Task: An exact copy of every record below is required, with the pictures left out.

Supplied information:
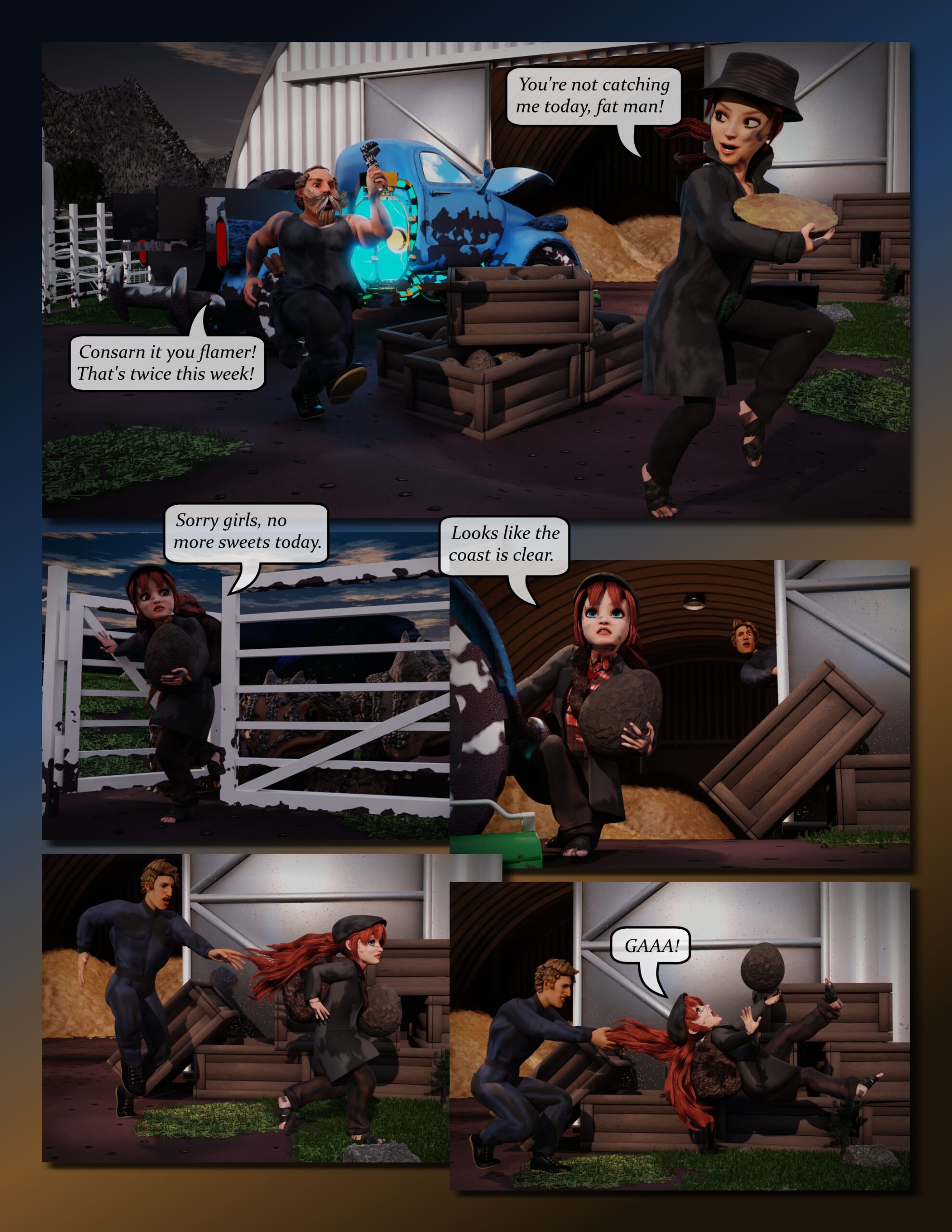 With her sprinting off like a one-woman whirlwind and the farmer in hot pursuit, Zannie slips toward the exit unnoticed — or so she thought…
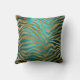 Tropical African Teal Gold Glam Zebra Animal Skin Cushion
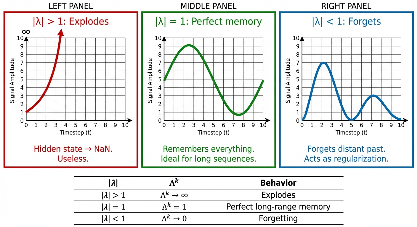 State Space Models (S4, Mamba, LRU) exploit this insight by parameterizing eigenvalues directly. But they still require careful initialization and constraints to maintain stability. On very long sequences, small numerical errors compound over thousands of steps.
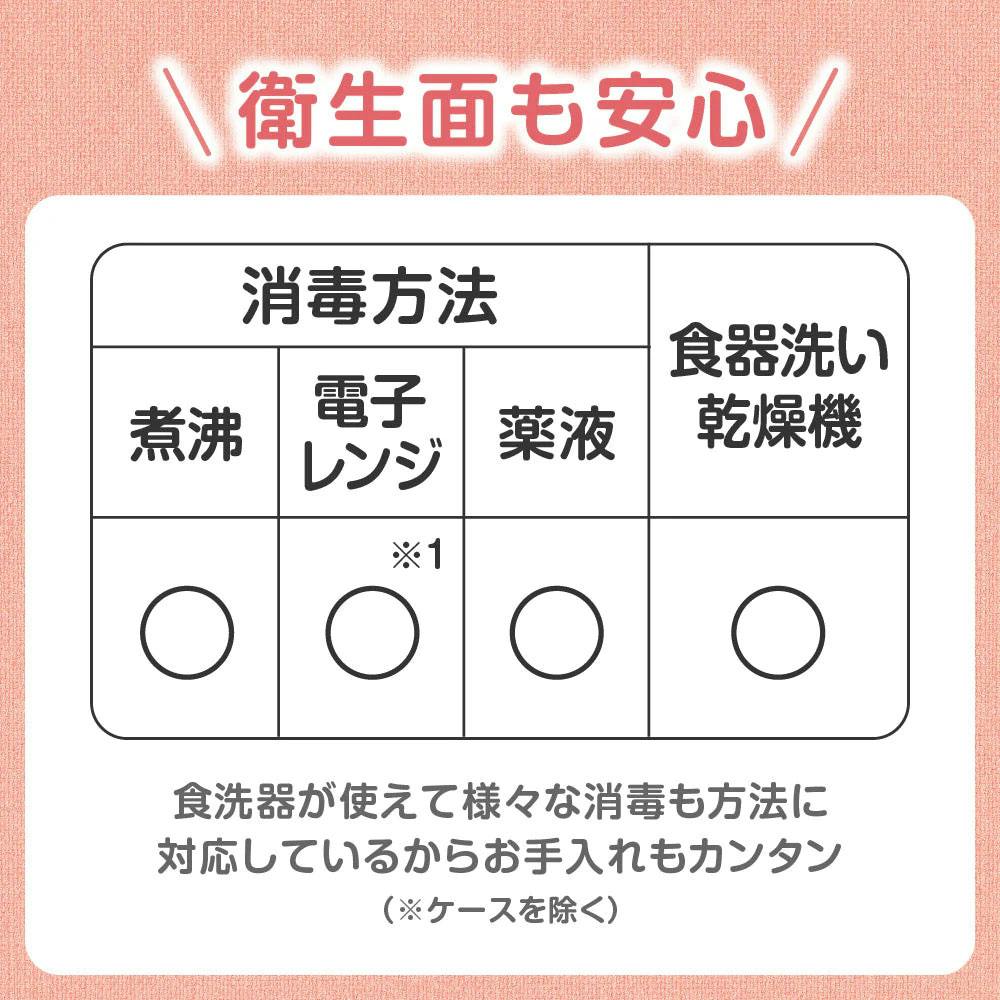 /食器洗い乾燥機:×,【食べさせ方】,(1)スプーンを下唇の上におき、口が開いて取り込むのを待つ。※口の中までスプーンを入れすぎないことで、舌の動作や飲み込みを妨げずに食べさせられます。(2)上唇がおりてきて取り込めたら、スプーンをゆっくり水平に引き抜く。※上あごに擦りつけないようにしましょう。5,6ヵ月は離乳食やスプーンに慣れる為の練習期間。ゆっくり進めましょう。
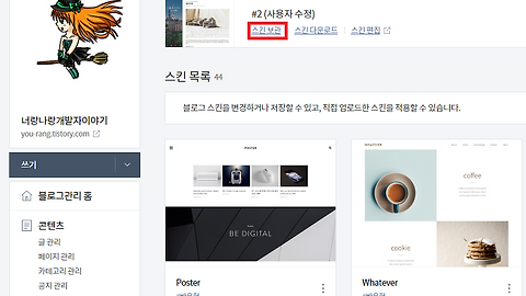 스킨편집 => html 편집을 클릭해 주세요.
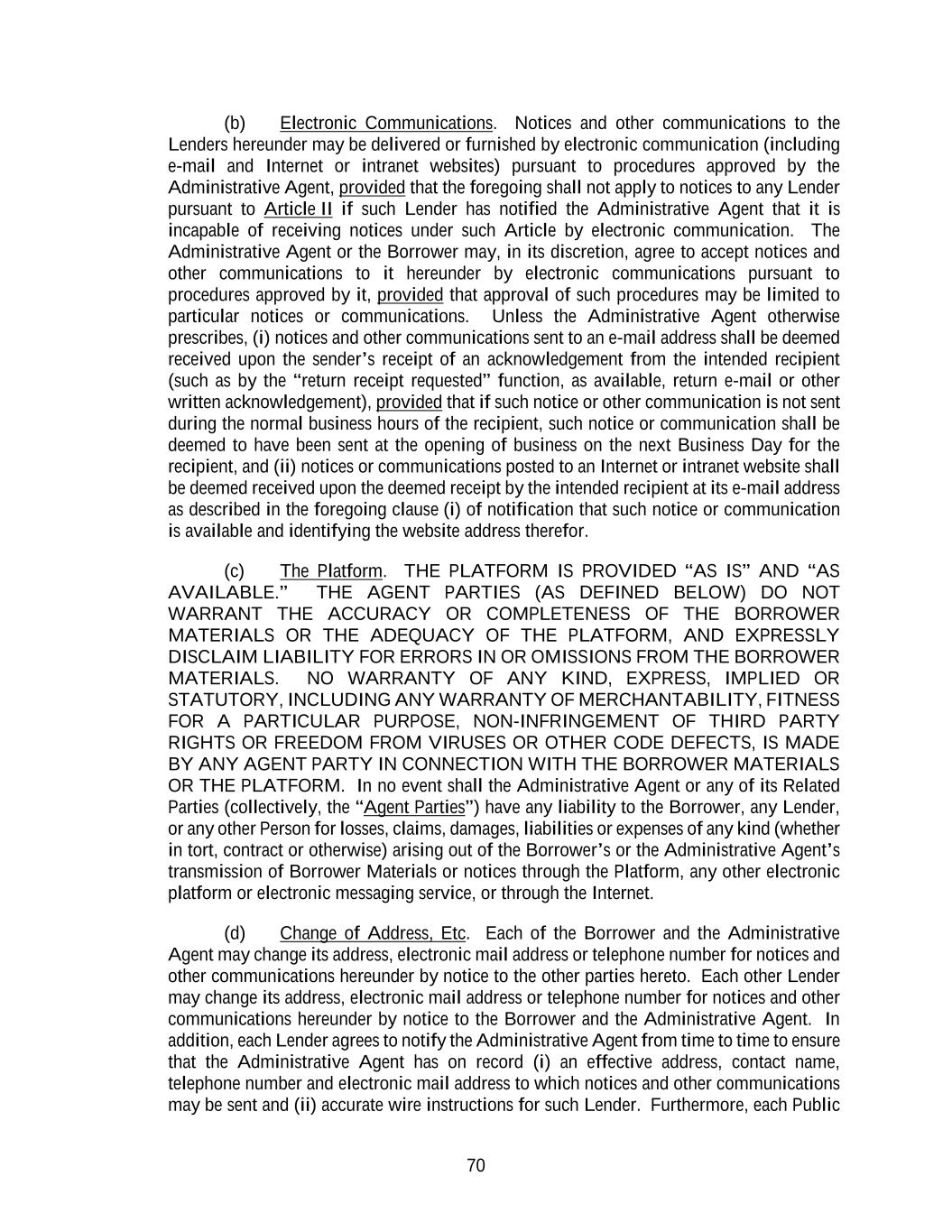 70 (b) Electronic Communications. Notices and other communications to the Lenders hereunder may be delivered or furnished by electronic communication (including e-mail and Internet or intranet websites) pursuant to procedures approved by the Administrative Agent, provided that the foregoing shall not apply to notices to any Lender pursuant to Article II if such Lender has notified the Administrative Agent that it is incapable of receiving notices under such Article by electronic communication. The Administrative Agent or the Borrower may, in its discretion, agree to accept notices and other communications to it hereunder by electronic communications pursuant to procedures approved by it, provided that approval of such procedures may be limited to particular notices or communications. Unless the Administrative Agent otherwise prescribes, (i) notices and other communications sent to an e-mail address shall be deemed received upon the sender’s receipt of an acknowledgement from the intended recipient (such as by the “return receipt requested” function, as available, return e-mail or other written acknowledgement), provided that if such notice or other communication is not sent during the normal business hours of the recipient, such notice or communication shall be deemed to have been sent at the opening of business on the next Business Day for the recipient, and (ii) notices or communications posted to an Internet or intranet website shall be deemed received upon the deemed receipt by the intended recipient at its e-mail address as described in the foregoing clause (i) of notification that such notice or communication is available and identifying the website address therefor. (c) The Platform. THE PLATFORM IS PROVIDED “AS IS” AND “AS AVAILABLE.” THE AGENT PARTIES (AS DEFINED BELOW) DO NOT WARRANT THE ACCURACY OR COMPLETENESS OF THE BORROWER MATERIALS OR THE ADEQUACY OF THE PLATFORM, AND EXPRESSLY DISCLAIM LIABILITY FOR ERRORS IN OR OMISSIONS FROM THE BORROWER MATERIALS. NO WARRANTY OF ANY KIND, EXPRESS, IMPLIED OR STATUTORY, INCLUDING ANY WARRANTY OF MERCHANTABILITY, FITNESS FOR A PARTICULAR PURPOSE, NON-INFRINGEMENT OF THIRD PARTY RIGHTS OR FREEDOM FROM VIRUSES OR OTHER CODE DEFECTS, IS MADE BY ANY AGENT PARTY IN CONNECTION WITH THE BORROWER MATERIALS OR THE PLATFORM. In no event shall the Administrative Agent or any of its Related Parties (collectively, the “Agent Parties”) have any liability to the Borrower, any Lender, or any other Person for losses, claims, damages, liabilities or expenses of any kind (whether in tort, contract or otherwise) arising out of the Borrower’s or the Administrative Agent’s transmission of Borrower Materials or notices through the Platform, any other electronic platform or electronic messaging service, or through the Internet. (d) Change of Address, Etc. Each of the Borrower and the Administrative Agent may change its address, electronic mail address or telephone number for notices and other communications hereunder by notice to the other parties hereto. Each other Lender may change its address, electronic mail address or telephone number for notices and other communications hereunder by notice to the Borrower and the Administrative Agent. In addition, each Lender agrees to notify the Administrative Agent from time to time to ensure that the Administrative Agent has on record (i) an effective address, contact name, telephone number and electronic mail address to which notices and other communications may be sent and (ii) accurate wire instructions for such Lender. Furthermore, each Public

Written answer:
 With her sprinting off like a one-woman whirlwind and the farmer in hot pursuit, Zannie slips toward the exit unnoticed — or so she thought…
 Tropical African Teal Gold Glam Zebra Animal Skin Cushion
 State Space Models (S4, Mamba, LRU) exploit this insight by parameterizing eigenvalues directly. But they still require careful initialization and constraints to maintain stability. On very long sequences, small numerical errors compound over thousands of steps.
 /食器洗い乾燥機:×,【食べさせ方】,(1)スプーンを下唇の上におき、口が開いて取り込むのを待つ。※口の中までスプーンを入れすぎないことで、舌の動作や飲み込みを妨げずに食べさせられます。(2)上唇がおりてきて取り込めたら、スプーンをゆっくり水平に引き抜く。※上あごに擦りつけないようにしましょう。5,6ヵ月は離乳食やスプーンに慣れる為の練習期間。ゆっくり進めましょう。
 스킨편집 => html 편집을 클릭해 주세요.
 70 (b) Electronic Communications. Notices and other communications to the Lenders hereunder may be delivered or furnished by electronic communication (including e-mail and Internet or intranet websites) pursuant to procedures approved by the Administrative Agent, provided that the foregoing shall not apply to notices to any Lender pursuant to Article II if such Lender has notified the Administrative Agent that it is incapable of receiving notices under such Article by electronic communication. The Administrative Agent or the Borrower may, in its discretion, agree to accept notices and other communications to it hereunder by electronic communications pursuant to procedures approved by it, provided that approval of such procedures may be limited to particular notices or communications. Unless the Administrative Agent otherwise prescribes, (i) notices and other communications sent to an e-mail address shall be deemed received upon the sender’s receipt of an acknowledgement from the intended recipient (such as by the “return receipt requested” function, as available, return e-mail or other written acknowledgement), provided that if such notice or other communication is not sent during the normal business hours of the recipient, such notice or communication shall be deemed to have been sent at the opening of business on the next Business Day for the recipient, and (ii) notices or communications posted to an Internet or intranet website shall be deemed received upon the deemed receipt by the intended recipient at its e-mail address as described in the foregoing clause (i) of notification that such notice or communication is available and identifying the website address therefor. (c) The Platform. THE PLATFORM IS PROVIDED “AS IS” AND “AS AVAILABLE.” THE AGENT PARTIES (AS DEFINED BELOW) DO NOT WARRANT THE ACCURACY OR COMPLETENESS OF THE BORROWER MATERIALS OR THE ADEQUACY OF THE PLATFORM, AND EXPRESSLY DISCLAIM LIABILITY FOR ERRORS IN OR OMISSIONS FROM THE BORROWER MATERIALS. NO WARRANTY OF ANY KIND, EXPRESS, IMPLIED OR STATUTORY, INCLUDING ANY WARRANTY OF MERCHANTABILITY, FITNESS FOR A PARTICULAR PURPOSE, NON-INFRINGEMENT OF THIRD PARTY RIGHTS OR FREEDOM FROM VIRUSES OR OTHER CODE DEFECTS, IS MADE BY ANY AGENT PARTY IN CONNECTION WITH THE BORROWER MATERIALS OR THE PLATFORM. In no event shall the Administrative Agent or any of its Related Parties (collectively, the “Agent Parties”) have any liability to the Borrower, any Lender, or any other Person for losses, claims, damages, liabilities or expenses of any kind (whether in tort, contract or otherwise) arising out of the Borrower’s or the Administrative Agent’s transmission of Borrower Materials or notices through the Platform, any other electronic platform or electronic messaging service, or through the Internet. (d) Change of Address, Etc. Each of the Borrower and the Administrative Agent may change its address, electronic mail address or telephone number for notices and other communications hereunder by notice to the other parties hereto. Each other Lender may change its address, electronic mail address or telephone number for notices and other communications hereunder by notice to the Borrower and the Administrative Agent. In addition, each Lender agrees to notify the Administrative Agent from time to time to ensure that the Administrative Agent has on record (i) an effective address, contact name, telephone number and electronic mail address to which notices and other communications may be sent and (ii) accurate wire instructions for such Lender. Furthermore, each Public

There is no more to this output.